Zhihu Sentiment Classification

By Tianwen Xie
at September 11, 2018

Zhihu Sentiment Classification

Introduction

With the development of the Internet, a large number of users on the Internet have written a lot of text,which contain the people’s sentiment. However, due to the huge amount of text, it is impossible to deal with the amount of text on the Internet only by relying on manual means. So we need a Intelligent algorithm to classify the sentiment of text automatically.

Zhihu is the largest online QA community in China, with 160 million registered users, a large number of users express their opinions on that, and it is important to fetch user’s emotional tendency to a specific topic. Our task is to develop a sentiment classification system to classify the Zhihu texts. Here are some examples of Zhihu texts. Currently, Positive and negative texts are treated as subjective texts and neutral texts are treated as objective texts.

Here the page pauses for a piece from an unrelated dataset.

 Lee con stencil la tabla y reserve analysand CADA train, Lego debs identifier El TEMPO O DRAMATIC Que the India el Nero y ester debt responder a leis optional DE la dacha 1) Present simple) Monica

First, we need to establish a benchmark using Zhihu Data, try some text sentiment classification methods, and implement a higher performance subjective and objective classification algorithm. Finally, we need to evaluate the relevant classification methods.

Datesets

We have built two datasets, there are 20k pieces of texts about “Zhihu” in the first dataset. The second data set has about 70k pieces of texts with random topics. Four annotators do the labeling work. After the labeling is completed, 800 samples are randomly selected for manual inspection. The label’s correct rate is about 92%. Label distribution is as follow.

Methodology

1. TF-IDF +Traditional Classification Method

Using TF-IDF as the feature extractor to convert a text to a vector. Secondly, feed the vector into a traditional classification model to train and predict the correspond label. After extracting the text features, we use traditional classification model ,Naive Bayes and Logistic Regression, to do sentiment classification.

2. Word2vec or Bert + CNN or RNN

Here is t the Basic Framework of deep learning method, Firstly, we map the text into a matrix using pretrained word2vec matrix. This word2vec matrix is obtained by training in many corpus. And then we build a neural network to do classification.

Result

2W dataset

Method	Objective Precision	Subjective Precision	Objective Recall	Subjective Recall	Accuracy
Naive Bayes	0.68	0.75	0.97	0.18	0.689
Logistic Regression	0.73	0.68	0.89	0.41	0.722
TextCNN	0.73	0.58	0.82	0.46	0.691
Bi-LSTM	0.74	0.60	0.82	0.47	0.699
BERT	0.79	0.65	0.82	0.61	0.746

7W dataset

Method	Objective Precision	Subjective Precision	Objective Recall	Subjective Recall	Accuracy
Naive Bayes	0.69	0.62	0.95	0.15	0.686
Logistic Regression	0.71	0.57	0.89	0.28	0.691
TextCNN	0.71	0.58	0.91	0.25	0.690
Bi-LSTM	0.72	0.52	0.83	0.37	0.675
BERT	0.74	0.57	0.85	0.39	0.700